“It was an eerie spectacle, for the darkness obstructed the rest of the bodies so that the prisoners looked like the heads of fallen angels nailed to a backdrop of night, with their hands for wings.”
Pushkin Vertigo continues to publish some astonishing crime novels, and this is proved once more by a second Frédéric Dard novel, The Wicked Go To Hell which follows on the tail of Bird in a Cage. The Wicked Go To Hell follows the escape of two convicts–one a spy and one an undercover cop. There’s very little down time in this gripping tale, an exploration of identity and morality .
The novel opens with a bureaucratic scene of a cop named Mérins meeting with his chief while groans of beating and torture taking place next door provide the incongruous background noise to what should be an office meeting. The man being beaten is a spy. He’s been interrogated five times, four times too many, according to the chief, but like many ideologues, the prisoner isn’t breaking. The chief has an alternate plan–he intends to place Mérins undercover in the same cell with the prisoner. They are supposed to buddy up and then plan an escape.
“We’ll lock you both up in the same jail cell… a tough one.. the sort of place that gives kindly old ladies the shivers. The pair of you will escape!
You’ll try to hole up somewhere and you’ll wait. The breakout will be big news. The head of the organization, knowing that his man has escaped, will want to get him back… At some point or other, he’ll break cover…Then, when you’ve got your hands on him…”
He made a chopping motion with the side of his hand. The gesture meant death.
The Chief expects that guards will be killed along the way, but hey, it’s all in the name of making the escape look authentic….
“Your second problem: the escape… Keep telling yourself, old son, that you’re acting unofficially.”
He repeated the word, spelling it out with great vehemence:
“Un-off-icially! The minute you leave the office I shall disown you! You know what that means?”
Sure I knew. He couldn’t help taking a sly sideways look at me.
“If you run into trouble, I won’t be able to lift a finger to help you, especially since escape won’t happen without breakages…”
The novel then shifts from the first person to the third–two freshly beaten men, handcuffed together, are thrown into a cell by a sadistic warden, where they join a third prisoner, a mute. The two new prisoners, Hal and Frank exchange names, but we don’t know which one is the undercover cop and which one is the spy. Each man expresses suspicion that the other has been planted in the cell as a “stool pigeon.”
Days of beatings pass in the airless, dank, dark prison; nights are full of screams, and then Hal and Frank hear that an execution of another prisoner is planned.
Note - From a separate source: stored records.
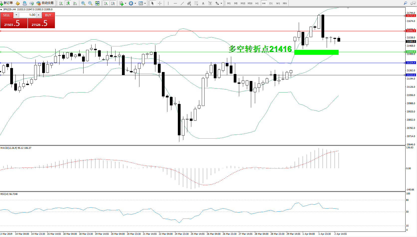 日经指数周二近收平,盘中触及一个月高位。防御类股的卖盘抵消了金融股的涨幅,美债收益率上涨推高金融股。日经指数 .N225 收低0.02%,报21,505.31点,开盘触及一个月高位21,744.64点。日本和美国可能于415日至16日在华盛顿举行第一轮贸易谈判。美国经济的乐观憧憬激励风险意愿,促使投资者盘初追高。仍然处于不稳定的状态,投资者只是寻找任何积极信号来维持涨势,或者至少设置一个底部。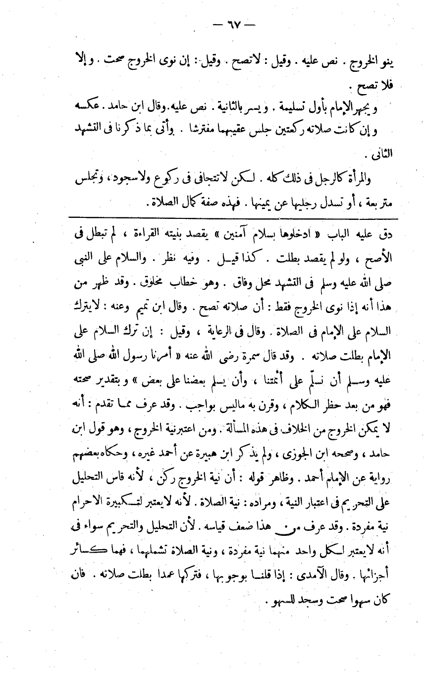 دق عليه الباب "ادخلوها بسلام آمنين" يقصد بنيته القراءة لم تبطل في الأصح ولو لم يقصد بطلت كذا قيل وفيه نظر والسلام على النبي صلى الله عليه وسلم في التشهد محل وفاق وهو خطاب مخلوق وقد ظهر من هذا أنه إذا نوى الخروج فقط أن صلاته تصح وقال ابن تميم وعنه لا يترك السلام على الإمام في الصلاة وقال في الرعاية وقيل: إن ترك السلام على الإمام بطلت صلاته وقد قال سمرة رضي الله عنه " أمرنا رسول الله صلى الله عليه وسلم أن نسلم على أئمتنا وأن يسلم بعضنا على بعض " وبتقدير صحته فهو من بعد حظر الكلام وقرن به ما ليس بواجب وقد عرف مما تقدم أنه لا يمكن الخروج من الخلاف في هذه المسألة ومن اعتبر نية الخروج وهو قول ابن حامد وصححه ابن الجوزي ولم يذكر ابن هبيرة عن أحمد غيره وحكاه بعضهم رواية عن الإمام أحمد وظاهر قوله: أن نية الخروج ركن لأنه قاس التحليل على التحريم في اعتبار النية ومراده نية الصلاة لأنه لا يعتبر لتكبيرة الإحرام نية مفردة وقد عرف من هذا ضعف قياسه لأن التحليل والتحريم سواء في أنه لا يعتبر لكل واحد منهما نية مفردة ونية الصلاة تشملهما فهما كسائر أجزائها وقال الآمدي إذا قلنا بوجوبها فتركها عمدا بطلت صلاته فإن كان سهوا صحت وسجد للسهو.
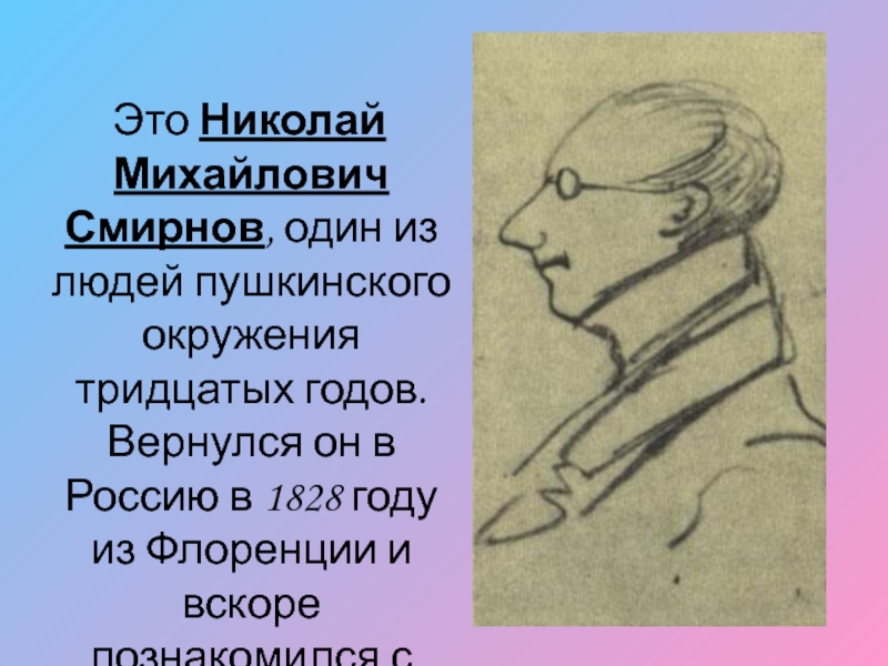 Слайд 14 Это Николай Михайлович Смирнов, один из людей пушкинского окружения
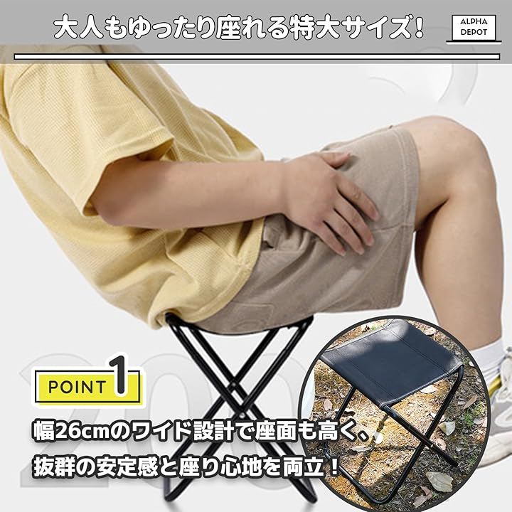 「アウトドアでも快適な座り心地。」特大サイズの折りたたみ椅子で、屋外でもしっかり安定して座れるから長時間でも快適。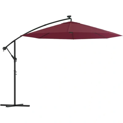 vidaXL Cantilever Garden Parasol with LED Lights and Steel Pole Wine Red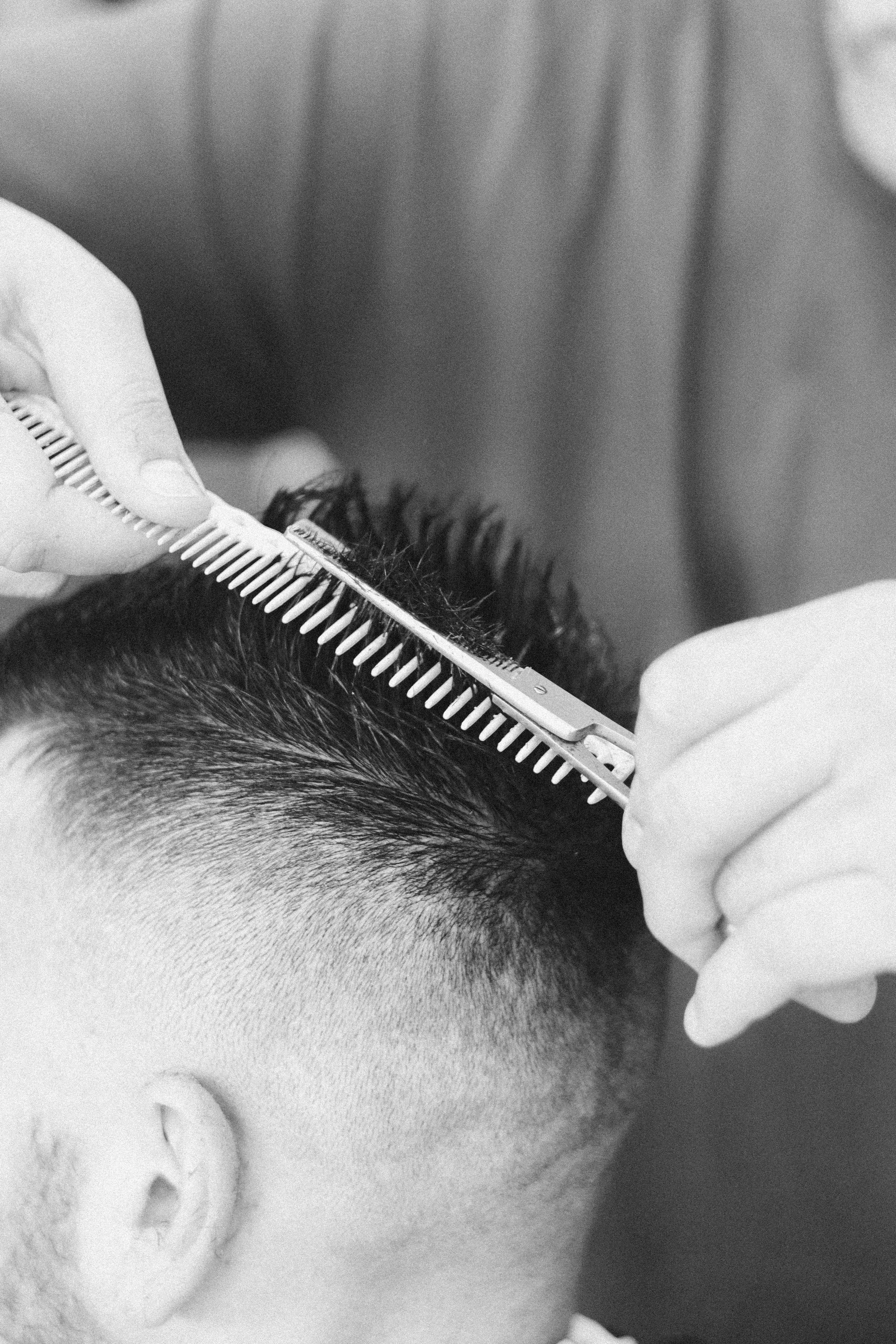 Black and white photo of a barber trimming a man's hair with scissors and a comb.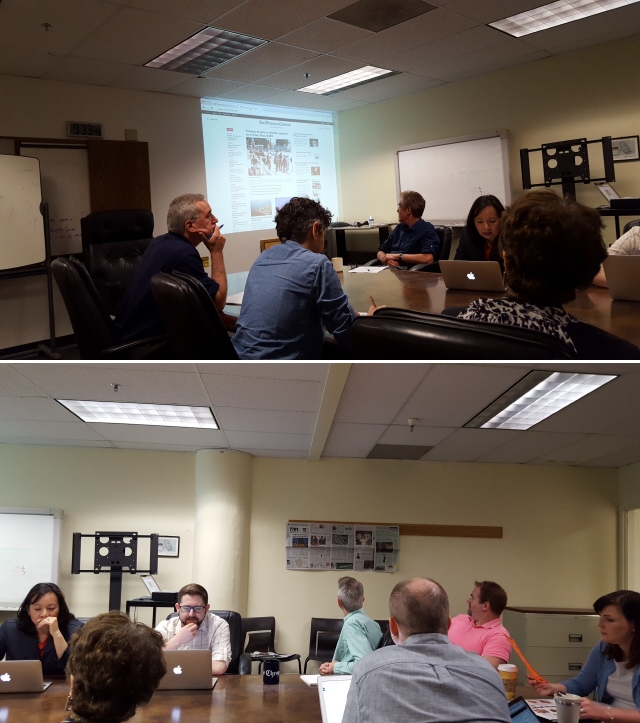 <크로니클>은 아침 뉴스룸을 한 달에 한 번씩 독자에게 공개한다. <크로니클> 역사상 첫 여성 편집국장인 오드리 쿠퍼는 뉴스룸을 디지털화하는 데 앞장섰다. 쿠퍼의 지휘하에 <크로니클>은 미국 내에서 혁신적인 미디어로 거듭나고 있다는 평가를 받는다. 이런 노력 속에 어떻게 뉴스를 만드는지 뉴스룸을 공개하고 독자가 신문에 애정을 갖게 하려는 의도다. 공개된 편집회의를 참관한 뒤 한국에서 함께 간 넥스트저널리즘스쿨 학생들과 크리스틴 고 에디터, 사회 분야 칼럼니스트 C. W. 네비우스를 만났다.

They hatch a plan to escape on the day of the execution, and the plan gives them hope, raising their spirits:
They had grabbed it as they would a battering ram-and in fact their idea was itself a battering ram, with which they would try to smash down the gates….
I don’t think I’m spoiling anything to say the men escape, and that’s when the story really begins. ..
Although this is a novel about an escape, the atmosphere is incredibly claustrophobic–running from the dank, stinking cell to the outside world, the desperate men are chased and hunted, and exchange one hell for another.
In common with other titles in the Pushkin Vertigo line, The Wicked Go to Hell is an incredibly clever novel. Author Frédéric Dard deliberately blurs the lines between the ‘good’ and the ‘bad’ guys, stripping them of their identities so that we try to guess which one of the two men is the spy and which one is the undercover cop. All we have to judge them by is their current behaviour–which really is how we should see everyone–not by their uniforms or their status. Both men lose their identities as they become dehumanized prisoners. But then after the escape, we keep waiting for the reveal, and it comes, finally at the end of the wonderful story in which right and wrong blur into escape and survival. While both men begin this journey on opposite ends of the law, there’s a greater morality here in the bonds of friendship, debt and loyalty.
According to the afterword at the end of the book, Dard wrote 284 thrillers. I’m hoping that Pushkin mines this author’s work. The Wicked Go To Hell was made into a film. I’d love to see it.